Having had lymphoma for five years now, I was eager to read Ruzic's book. I learned quite a bit -- or at least terms to use in my never-ending research into indolent lymphoma. Four years ago, I had been so sick that I could hardly walk across a room; I coughed incessantly, and if I ate anything, it came up the next time I coughed. I had just about every test anyone could imagine, but the malignancy never surfaced as the cause for my horrible night sweats, constant weight loss, endless coughing. My doctor thought I had lymphoma, but even after two weeks in the hospital, no one could find anything to blame the symptoms on.

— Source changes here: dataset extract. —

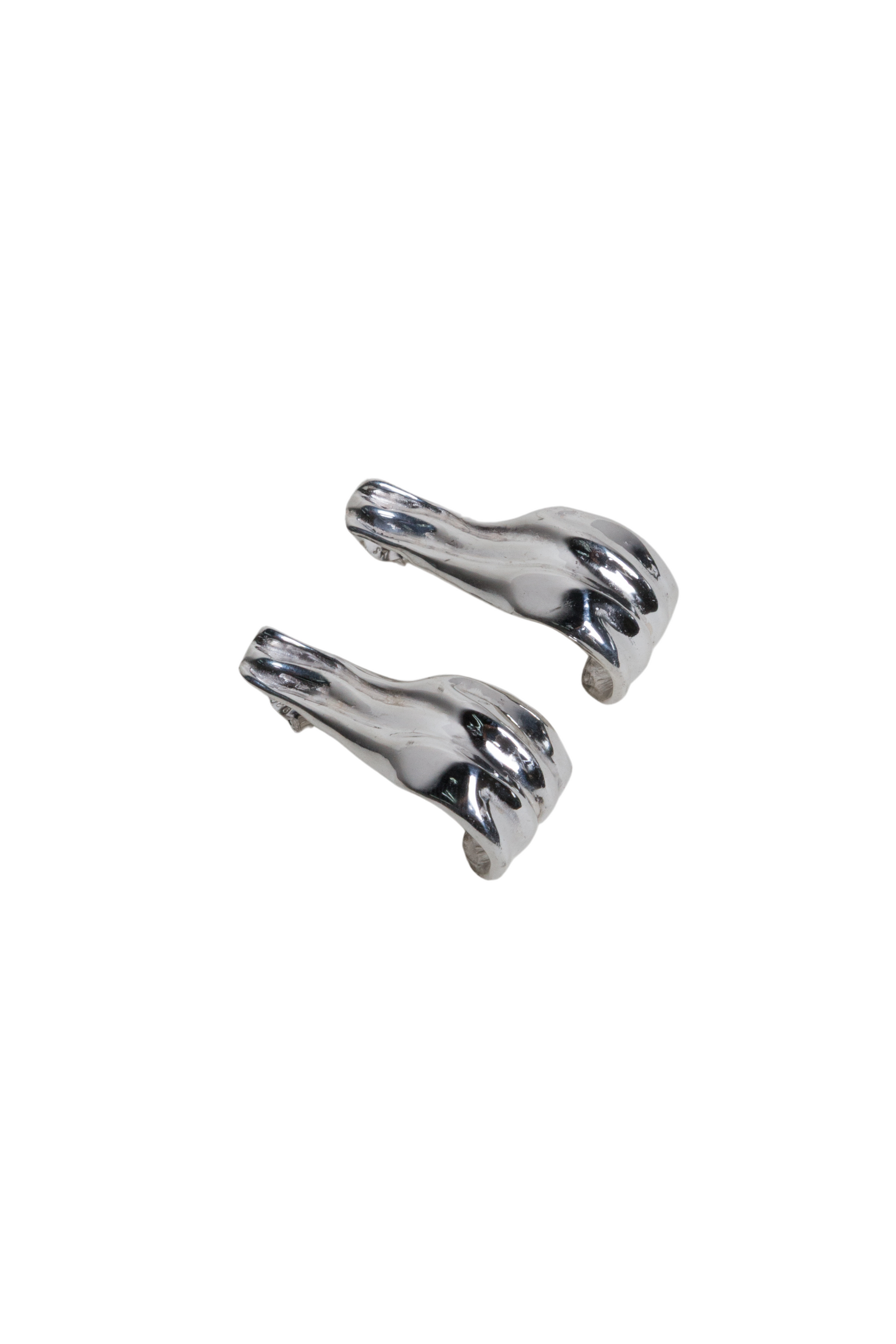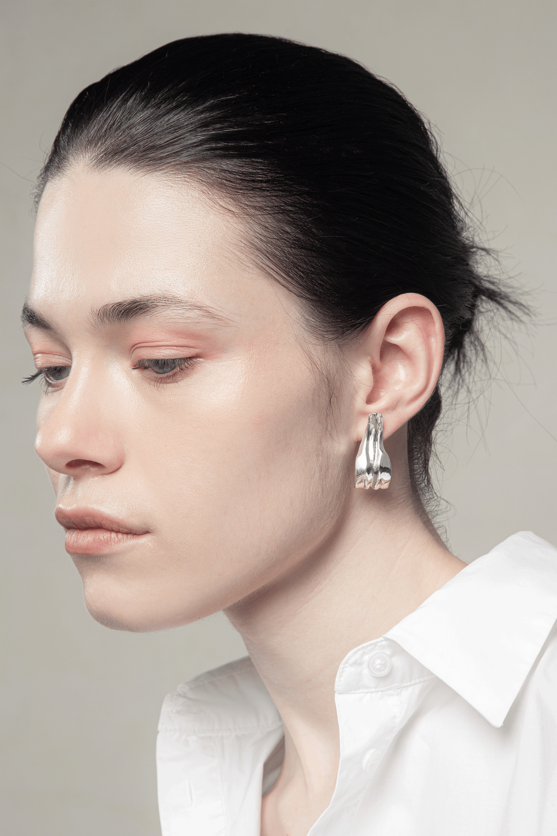 - Aretes hechos en plata ley 950 con textura corrugada, más delgados en la parte de arriba y a medida que van cayendo se van engrosando.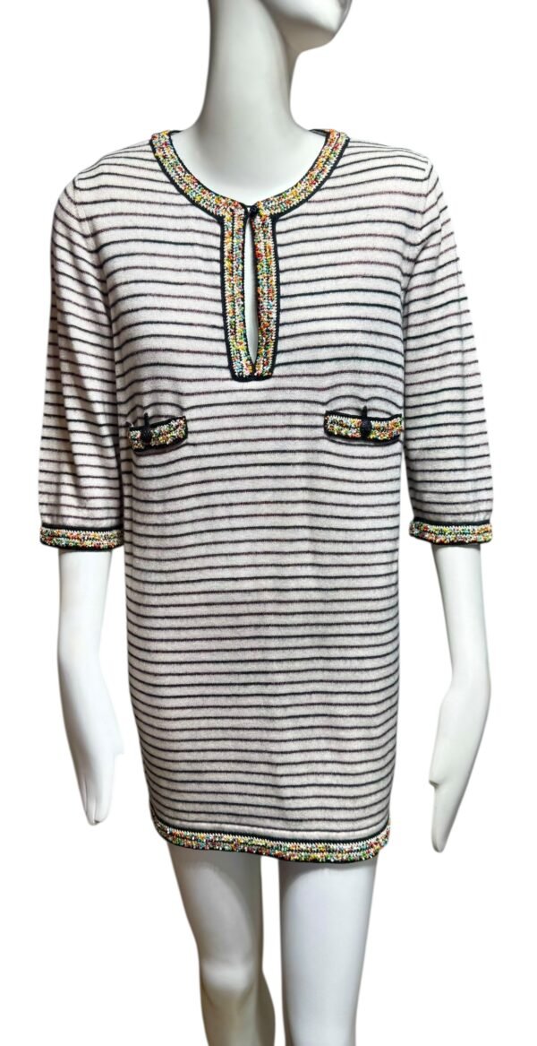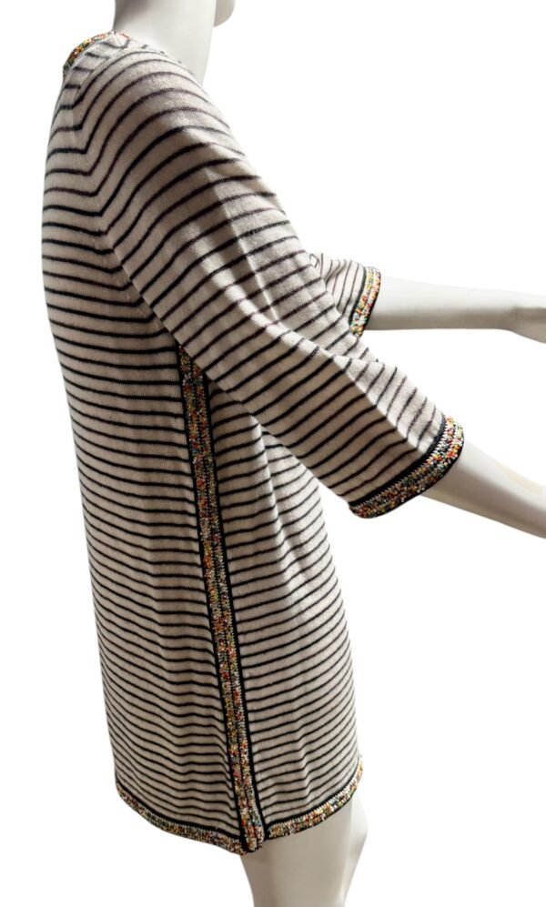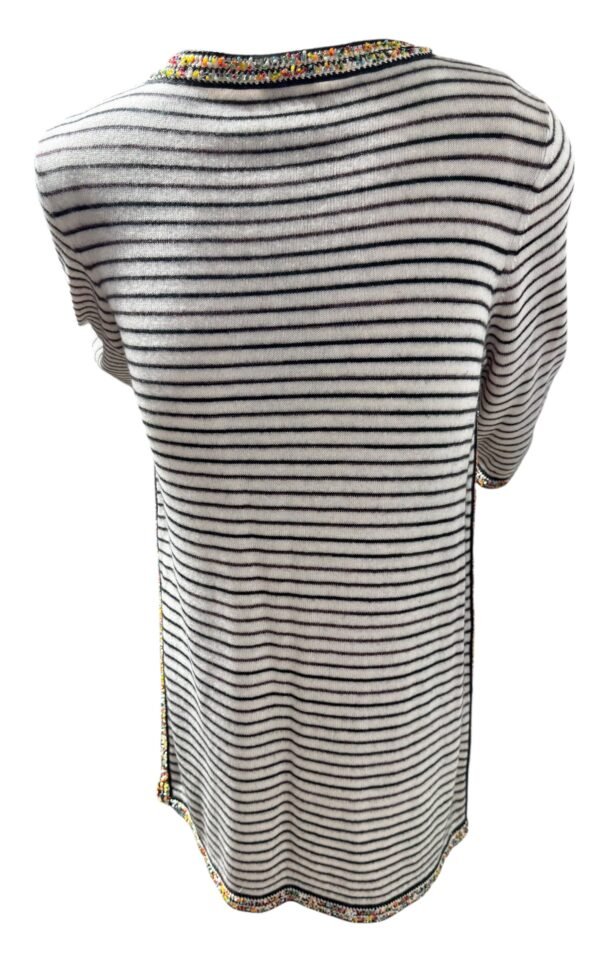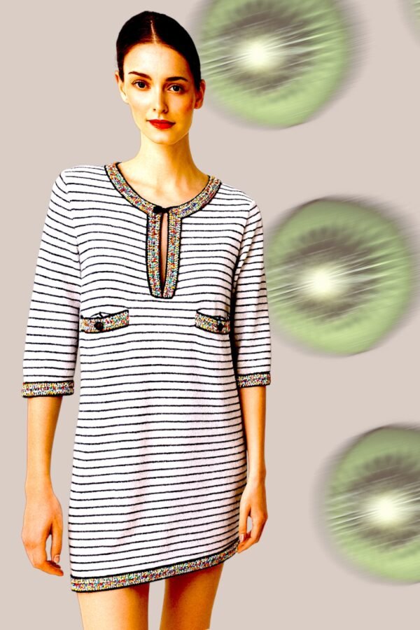 - Tunic in white with black stripes, offering timeless Parisian flair

In desperation, my husband got me an appointment with an oncologist at UAB in Birmingham, AL (250 miles from home); my doctor there did the usual biopsies, which continued to be
"Inconclusive." However, he had a DNA study done, and eventually, he found my aggressive Type B Lymphoma. I received CHOP and Rituxan for 8 treatments--my husband drove me to Birmingham for each treatment--I still go to Birmingham for my CT scans and treatments. After the first treatment, I began to feel much better than before. I have not experienced the terrible side effects Ruzic describes of chemo. The staff at UAB was very well trained in ways to avoid nausea and pain. I was also on Nulasta to build white cells. After two years, I was declared "cured" because aggressive lymphoma almost always resurfaces if it is going to within two years. However, after three years, I discovered swollen lymph nodes again. When I had a biopsy again in Birmingham, the diagnosis was malignancy, but for indolent lymphoma, non-curable.